Especially when both his sons somehow managed to go to Australian and British universities where the last I heard they hadn’t switched to our “rashtriya bhasha.” If this isn’t hypocrisy, what is? But then who takes politicians seriously!
I have nothing against Hindi. If it weren’t for the heavy dose of Sanskrit that is forced down one’s throat by Doordarshan and in all officialese in the name of Hindi, it is a sweet language. Urdu and Hindi are inextricably linked to each other, thanks to their shared Indo-Aryan base and “khari boli” heritage. They indeed sound like twins, the only distinguishing difference being the script.
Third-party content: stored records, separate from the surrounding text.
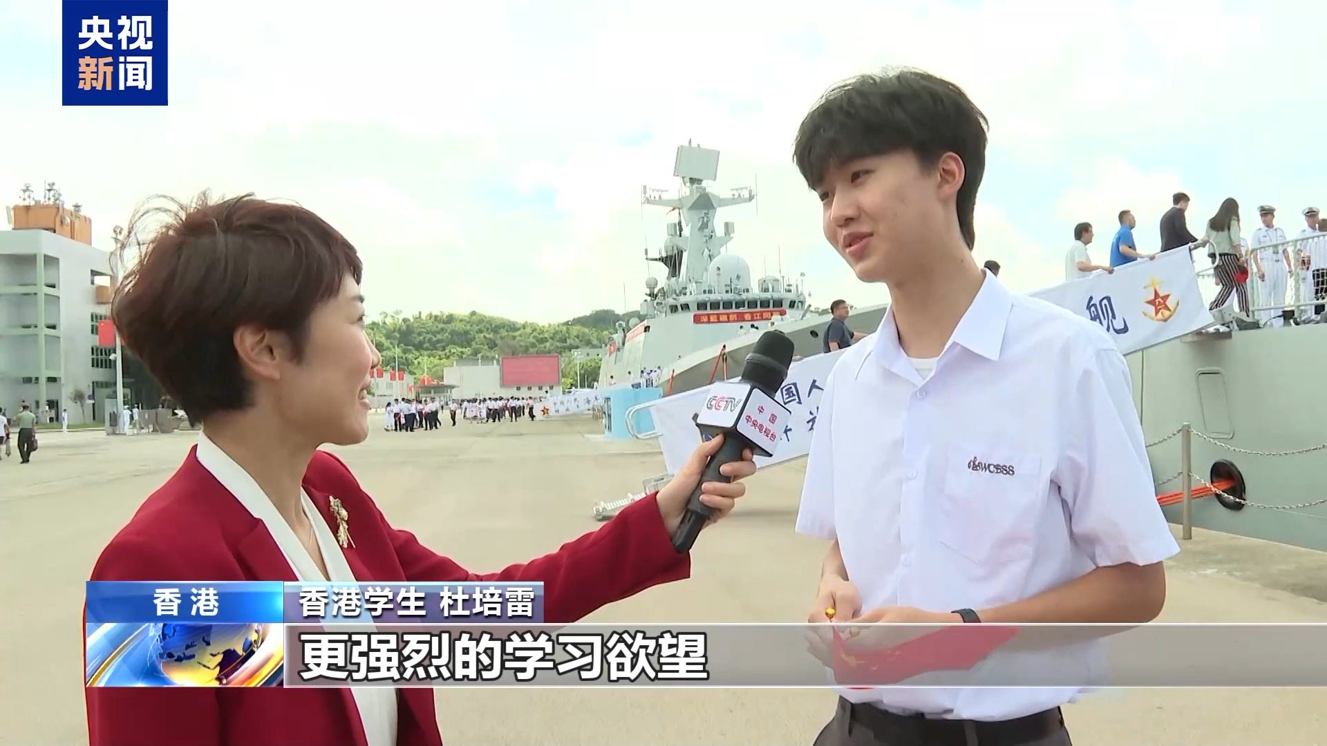 *香港市民 張先生:*很高興看到祖國的軍事裝備越來越強大。從去年珠海航展看到新戰機,到現在山東艦,以前還看過遼寧艦,當然還希望福建艦來。我希望祖國越來越強大。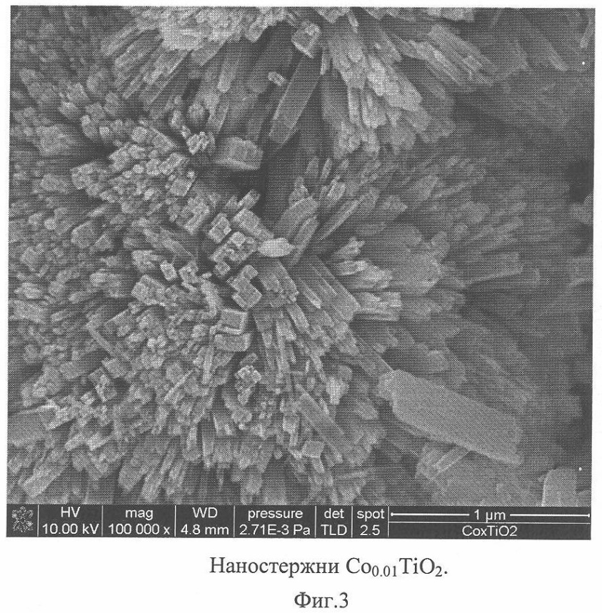 На фиг.3 приведено изображение наностержней Co0,01TiO2, полученное на сканирующем электронном микроскопе.
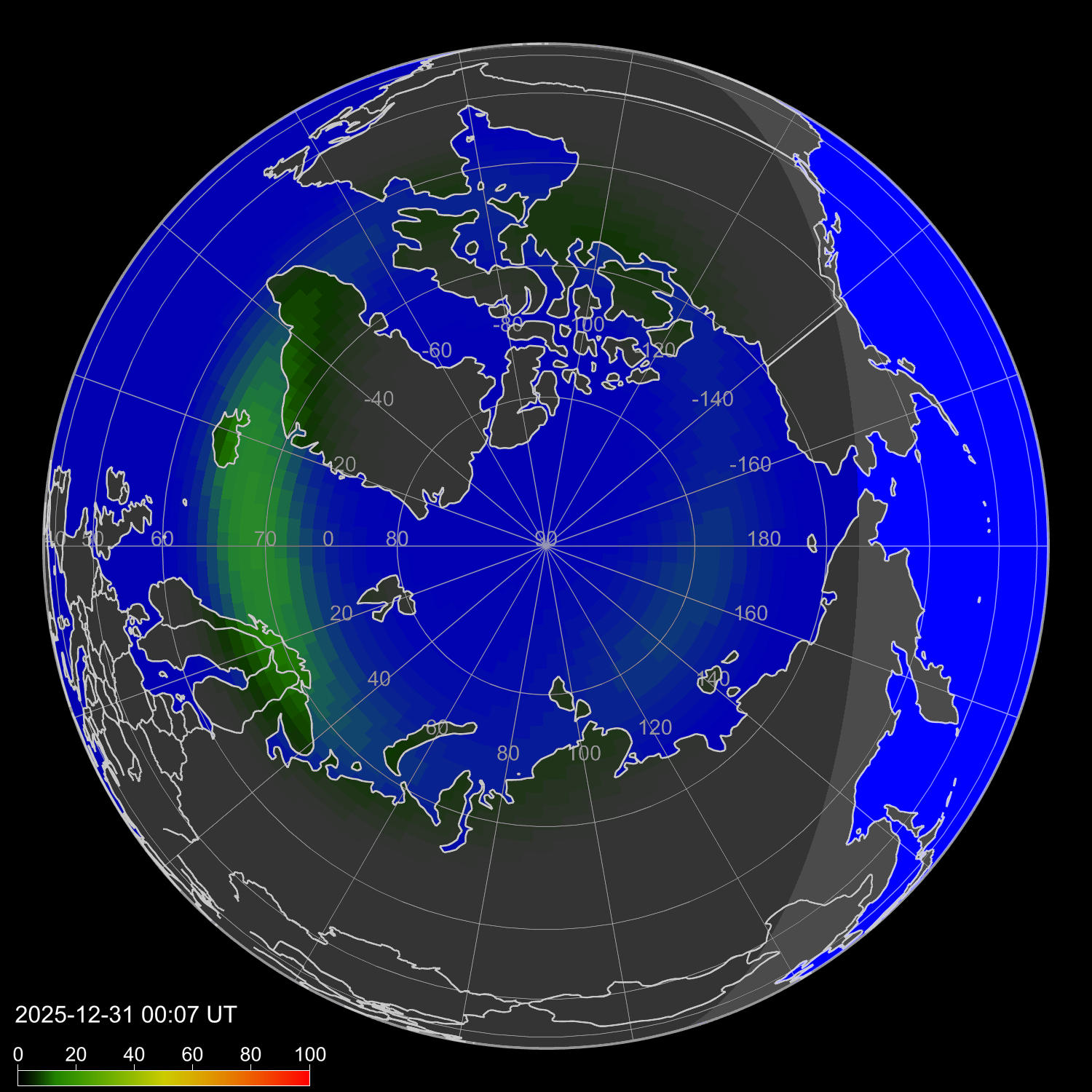 Зона полярных сияний в северном полушарии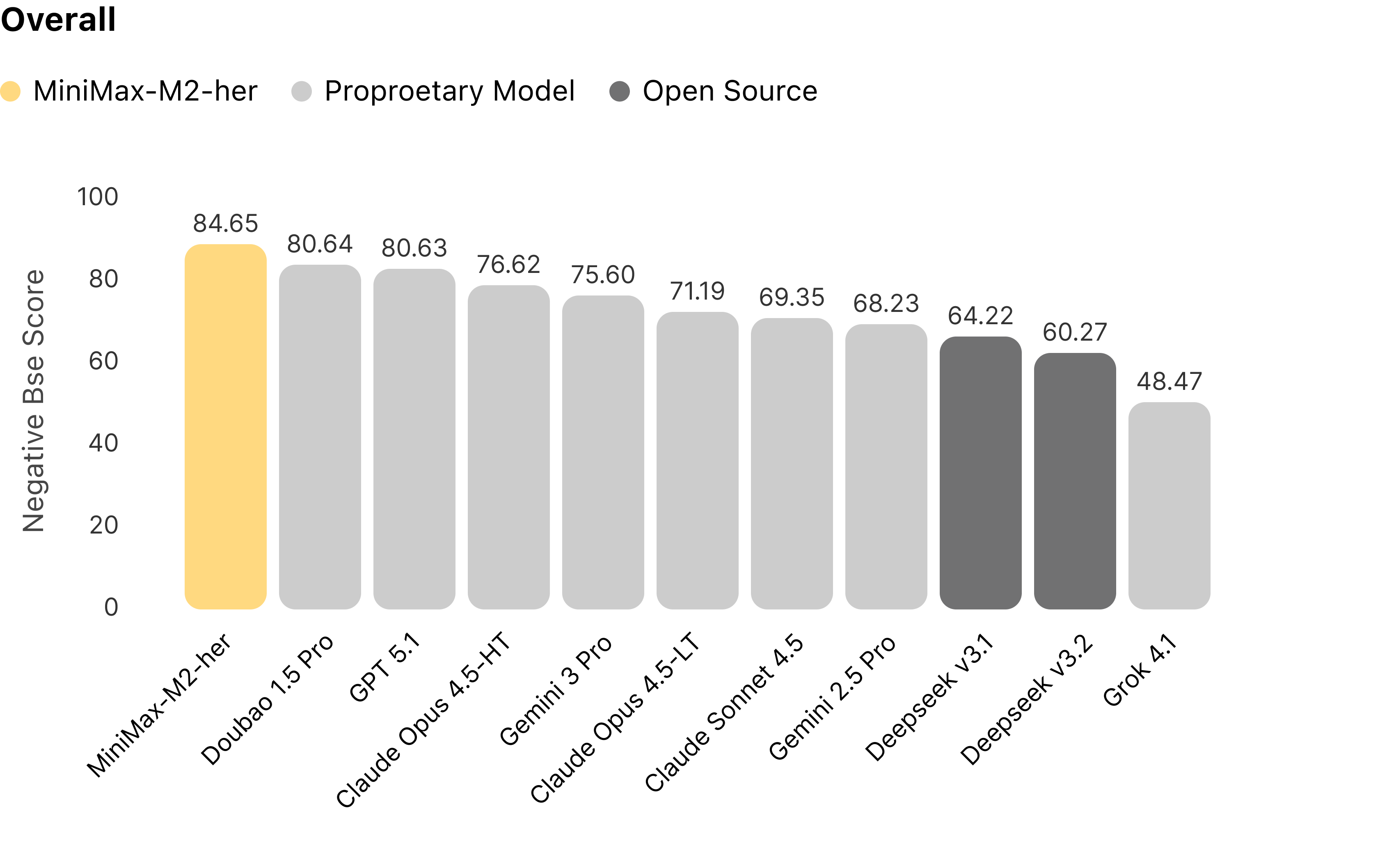 We systematically evaluated mainstream models using Role-Play Bench, focusing exclusively on multi-turn dynamic interaction. The results are definitive: across extended 100-turn sessions, MiniMax-M2-her ranks #1 overall.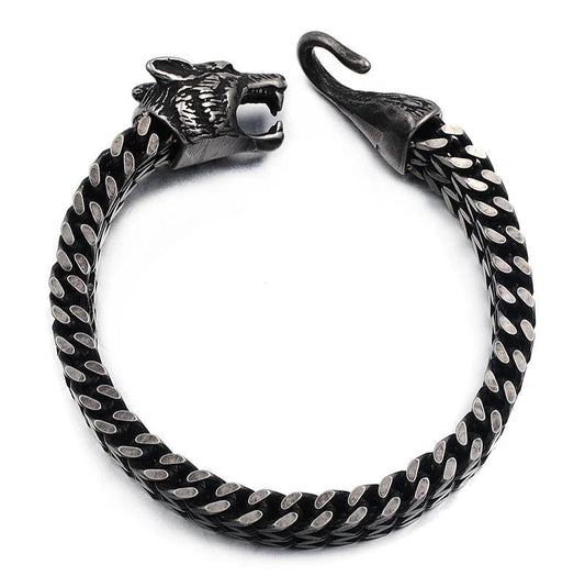 Antique Black Stainless Steel Viking Wolf Chain Bracelet

This is why at the height of the raging Hindi-Urdu row before Independence, Gandhi ingeniously came up with the term called Hindustani to cool tempers on both sides.
Be that as it may, it is rather strange that after spending of hundreds of billions of rupees in concerted campaigns by successive governments all these years to promote and push Hindi, Mulayam and other champions of Hindi should be concerned about its future. In fact, if anything, the promotion of Hindi has been done at the expense of all other languages.
If any language really faces an existential crisis today, it is Urdu, the eclectic language that came into being following the encounter between Arab, Persian and Central Asian Muslims and India. Heavily drawn from Persian, Arabic and Turkic languages because they formed the linguistic roots of new arrivals, Urdu is essentially Indian in spirit and character because its base of khari boli, Hindi, Prakrit and Sanskrit is rooted in this land.
The result is a language that for centuries served as lingua franca of Mughal India and still does, widely understood and spoken as it is across the length and breadth of the country. After being elbowed out as the language of power and courts — and from virtually everywhere else — Bollywood ostensibly remains its last bastion; an industry once ironically looked down upon by good Muslims.
Urdu is slowly dying in India today. Starved of state support and weighed down by the apathy of its own speakers, it is systematically being smothered and squeezed out from across the country. Do not let all those frequent and mediocre mushairas fool you.
Urdu is in dire straits in the land of its birth. In Pakistan, I understand, things aren’t any better either although the language enjoys the state patronage. A young Pakistani blogger recently bemoaned the fact that most young Pakistanis today see Urdu as the “language of servants” and naturally turn to English to express themselves.
Ludmila Vasilieva, the Russian translator of Faiz, recently pointed out that while she often sees Indian officials speak in Hindi even in an international setting, Pakistanis fastidiously stick to the language that Mulayam insists belongs to the empire.
As authors of the latest Unesco report on endangered languages note, “a language is endangered when parents are no longer teaching it to their children and it is no longer being used in everyday life.”
So the future of our language is in our own hands. The Jews kept Hebrew alive in the face of great adversity and exile of more than 2,000 years. It would take far less to keep ours alive.